Monday 9th March 2020
Since my post on our visit to the Begonia flower display and festival, fellow blogger Paol Soren (aka John) went along on the Tuesday, after all the crowds had gone. His post has more wonderful photos of the blooms, and also more detail on the beautiful statuary in the Ballarat Botanic Gardens. You can find it here.
On the Monday, John went in to Melbourne to watch the much larger Moonba Festival Parade. Bill and I were happy to stay in Ballarat and see what they had to offer. We weren’t disappointed. John prefaced his post with an “Extreme Photo Alert” and I have to give a similar warning. If you have the time, grab a coffee or three and watch the slideshow; or perhaps you’ll prefer to just get a taste. Trust me, these are only a small selection of what we took on the day.
If you’ve got to this point of my post then you have had a taste of the wide variety of participants. Ballarat residents from multicultural backgrounds gave colour. Bands – jazz, brass, pipes, and so on, provided music. State and private schools from little to big kids added the “too cute” factor. Community groups and clubs came to show off their toys (cars, steam rollers et al), or to spread their message. The union march was particularly relevant, as this holiday weekend – Labour Day – is to celebrate the introduction of the eight hour working day. The fight for a fair go for workers still continues, as evidence by the Nurses and Midwives group.
The parade finished with the Chinese dragon, a symbol that represents the large number of Chinese who came to this area during the gold rush. More on that in the next post.
The Ballarat Tramway Museum is next to the Botanical Gardens, so after the parade we wandered down there for a look. When Ballarat trams stopped running in 1971, volunteers stepped in to preserve their memory, and a section of track beside Lake Wendouree was retained for their use. The oldest in the fleet is an 1887 horse-drawn.
A number of trams are under restoration in the workshop, and many more are operational and were running with free rides for the festival attendees. As well as the above tram, there are others one hundred years old. This one was built in 1915.
Between the tram shed and the Botanical Gardens is the Ballarat Fish Hatchery. I’d forgotten to mention in the previous post that we visited this after we’d finished in the gardens. The hatchery was established on the edge of Lake Wendouree in the 1870s and today is run by volunteers. They farm brown and rainbow trout, harvesting eggs by gently squeezing the female, and combining them with the ‘milt’ from the male. All that was explained in a video, which, once seen, can never be forgotten 🙂 Visitors can stroll around the various tanks and ponds, however, without the video, it would have been difficult to understand the whole process. Some of the fish are released into the lake, the majority are sold to people who are stocking dams and so on.

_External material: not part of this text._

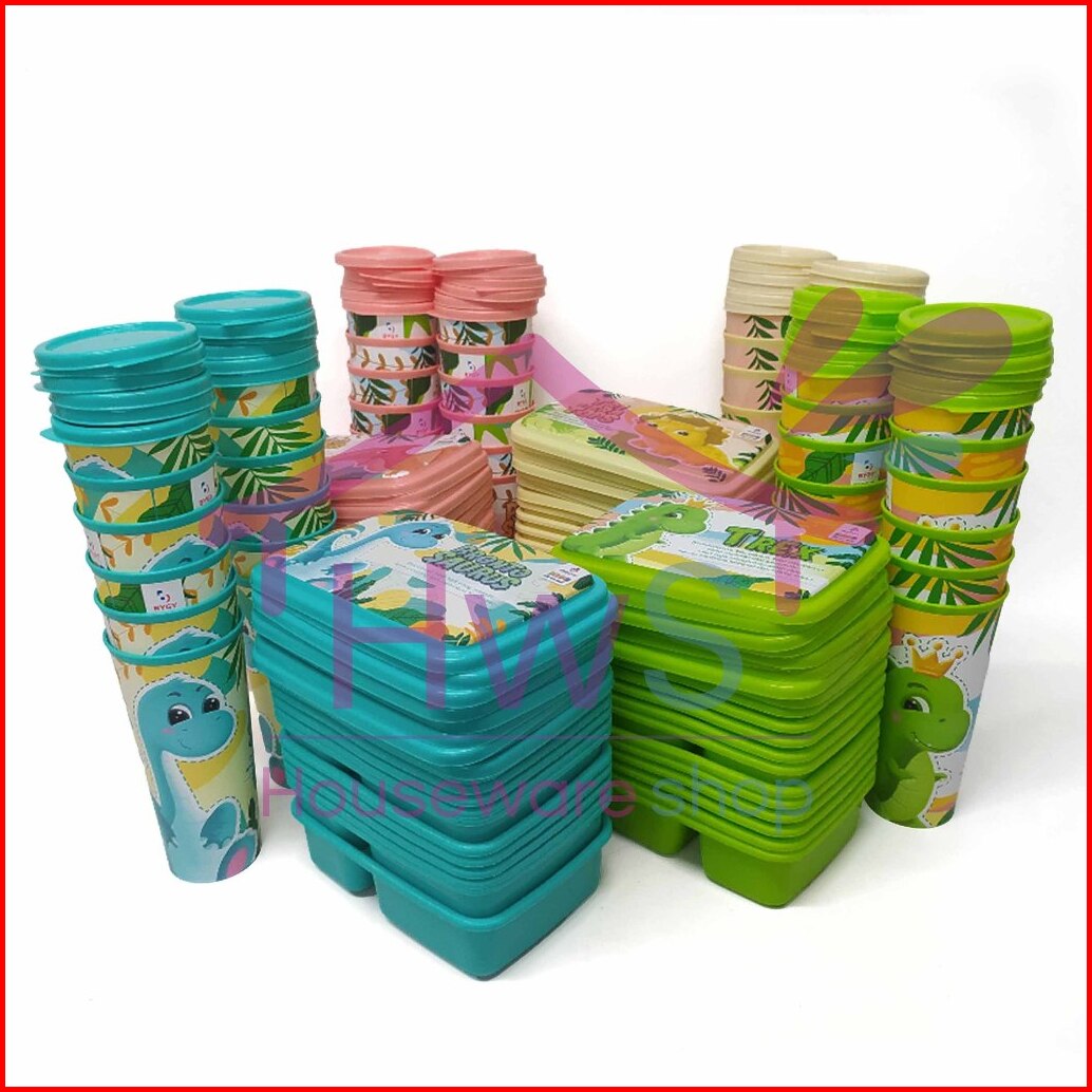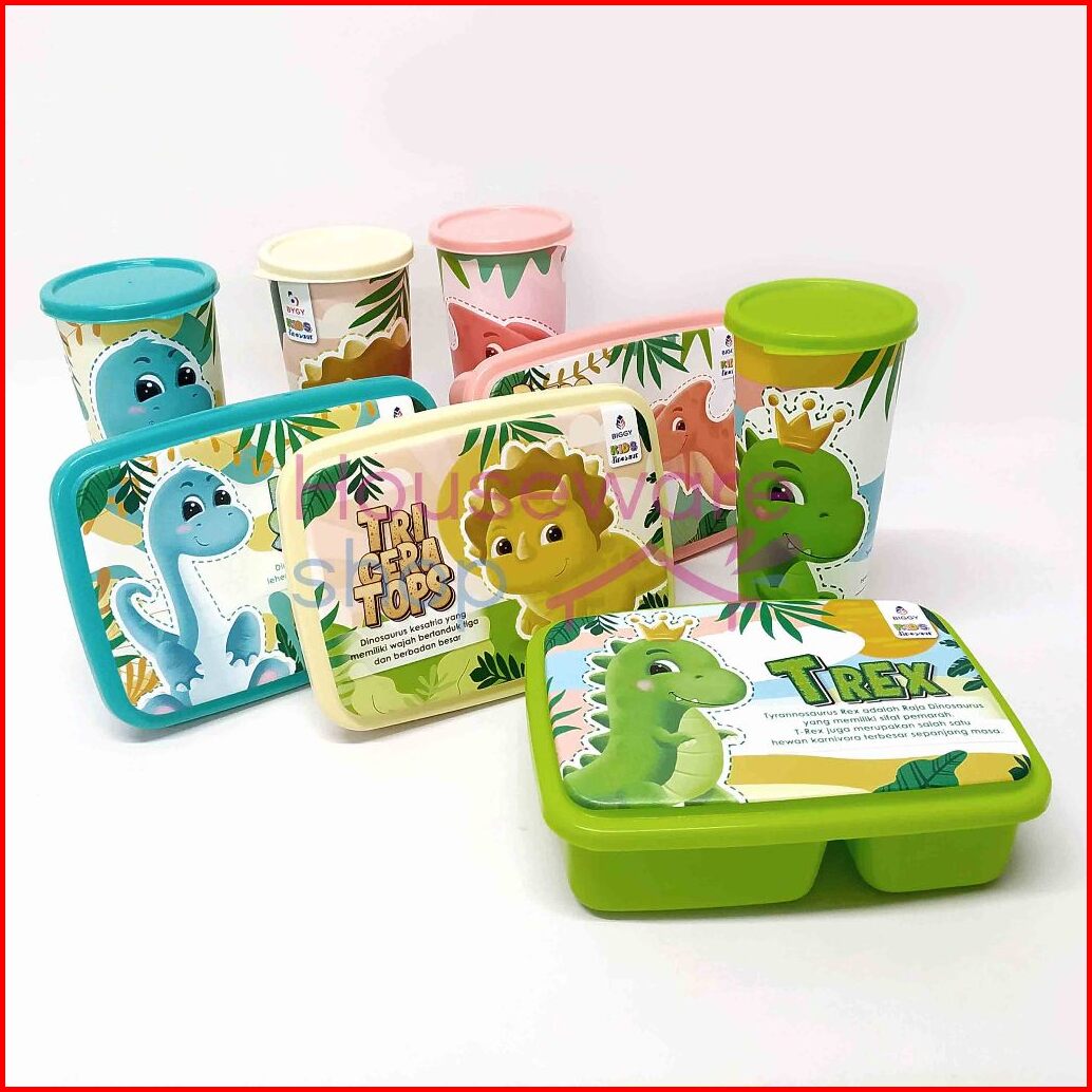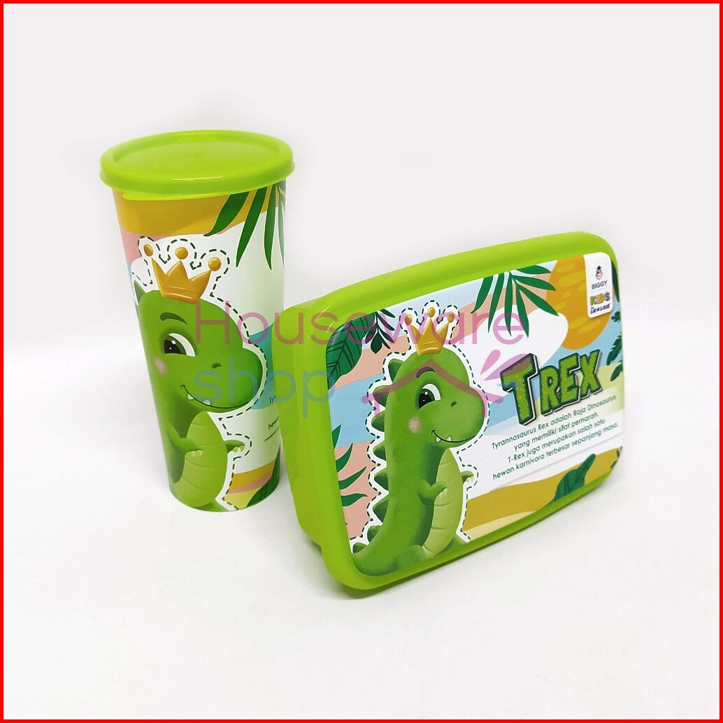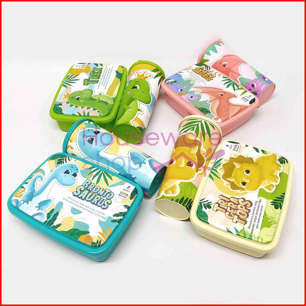 Bundling Set 12 Pcs Lunch Box Gelas Tutup Dinosaurus - Tempat Bekal Tempat Minum Dino - Souvenir Ulang Tahun

(Another thing I forgot from the day before was the vital ingredient in the eggplant / aubergine stuffing – pomegranate! )
Also nearby is the Australian Ex-Prisoners of War Memorial dedicated to more than 35,000 held prisoner during the Boer War, WWI, WWII, and the Korean War.
The nurses have a specific panel. Many readers will instantly recognise the name of Vivian Bullwinkel , the sole survivor of the massacre on Bangka Island (now part of Indonesia), when 21 army nurses and 1 civilian were herded into the ocean surf and shot from behind by Japanese forces. She and and a number of the nurses listed on the memorial went on to survive the camps of Sumatra.
We had no difficulty finding the name of Cyril George Staples – a distant relative who I met in person much later in his life. Cyril was a Sergeant in 2/5 AGH (Australian General Hospital) and was taken prisoner by the Germans in Greece, 27 April 1941, part of the contingent who stayed with the servicemen who could not be evacuated. He was held in Stalag XXA in Thorn, Poland for some years until he was repatriated on a POW exchange in 1943. He was promptly directed to rejoin his unit, now in New Guinea, first at Bootless Bay near Port Moresby, then to Morotai. The 2/5 AGH ceased to function in November 1945, and Cyril, who had studied accountancy while imprisoned, returned to a long and successful civilian life.
After heading back into town for a hearty lunch at a busy pub – so many were out and about on this holiday Monday – we then returned to the Arch of Remembrance, where John had taken us a couple days before, so that I could photograph the most recent statue, this one dedicated to the mothers, in The Garden of the Grieving Mother.
And that was a wrap for our short-stay in Ballarat. Next in the plan is to continue west, on our way to Adelaide.